The Tenth Circuit has pointed out that the Supreme Court’s decisions in Twombly and Erickson gave rise to a new standard of review for § 1915(e)(2)(B)(ii) dismissals. See Kay v. Bemis, 500 F.3d 1214, 1218 (10th Cir. 2007) (citations omitted); see also Smith v. United States, 561 F.3d 1090, 1098 (10th Cir. 2009). As a result, courts “look to the specific allegations in the complaint to determine whether they plausibly support a legal claim for relief.” Kay, 500 F.3d at 1218 (citation omitted). Under this new standard, “a plaintiff must ‘nudge his claims across the line from conceivable to plausible.’” Smith, 561 F.3d at 1098 (citation omitted). “Plausible” in this context does not mean “likely to be true,” but rather refers “to the scope of the allegations in a complaint: if they are so general that they encompass a wide swath of conduct, much of it innocent,” then the plaintiff has not “nudged [his] claims across the line from conceivable to plausible.” Robbins v.
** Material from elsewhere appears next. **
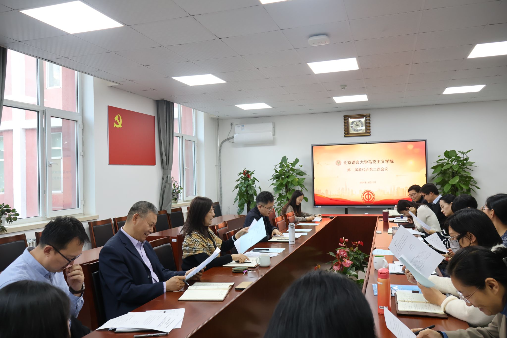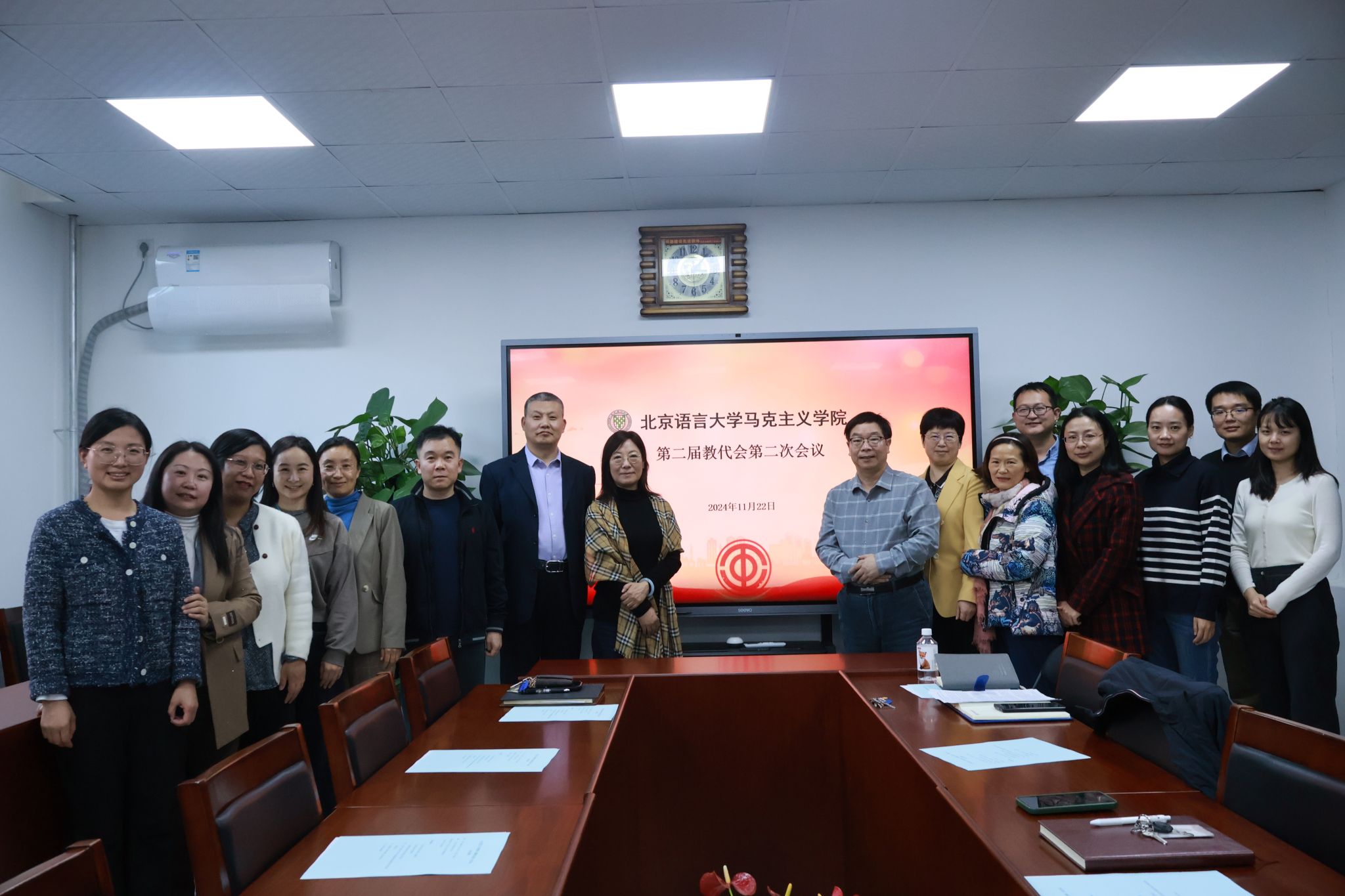 2024年11月22日下午,马克思主义学院第二届教代会第二次会议在教二楼227举行。本次教代会严格按照《北京语言大学二级教职工代表大会条例》以及校工会相关通知要求执行。会议审议并通过了学院年度各项工作报告以及《马克思主义学院一线思政课专职教师岗位补贴发放实施办法》。会议由学院直属工会小组组长杜运辉主持,党总支书记丁文阁、党总支副书记杨林坡、副院长贾甫以及全体教职工参加了本次会议。

Oklahoma, 519 F.3d 1242, 1247 (10th Cir. 2008) (citing Twombly, 127 S. Ct. at 1974). III. Discussion A. Statute of Limitations

Plaintiff’s Complaint is subject to dismissal because it is untimely. The statute of limitations for § 1983 claims “is drawn from the personal-injury statute of the state in which the federal district court sits.” Mondragon v. Thompson, 519 F.3d 1078, 1082 (10th Cir. 2008). The Court therefore applies Kansas's two-year statute of limitations for personal injury actions. See Kan. Stat. Ann. § 60–513(a)(4); Brown v. Unified School Dist. 501, Topeka Public Schools, 465 F.3d 1184, 1188 (10th Cir. 2006) (citations omitted). While state law governs the length of the limitations period and tolling issues, “the accrual date of a § 1983 cause of action is a question of federal law.” Wallace v. Kato, 549 U.S. 384, 388 (2007). Under federal law, the claim accrues “when the plaintiff has a complete and present cause

of action.” Id. at 388 (internal quotation marks and citation omitted). In other words, a § 1983 claim accrues “when the plaintiff knows or has reason to know of the injury which is the basis of his action.” Kripp v. Luton, 466 F.3d 1171, 1175 (10th Cir. 2006) (internal quotation marks omitted).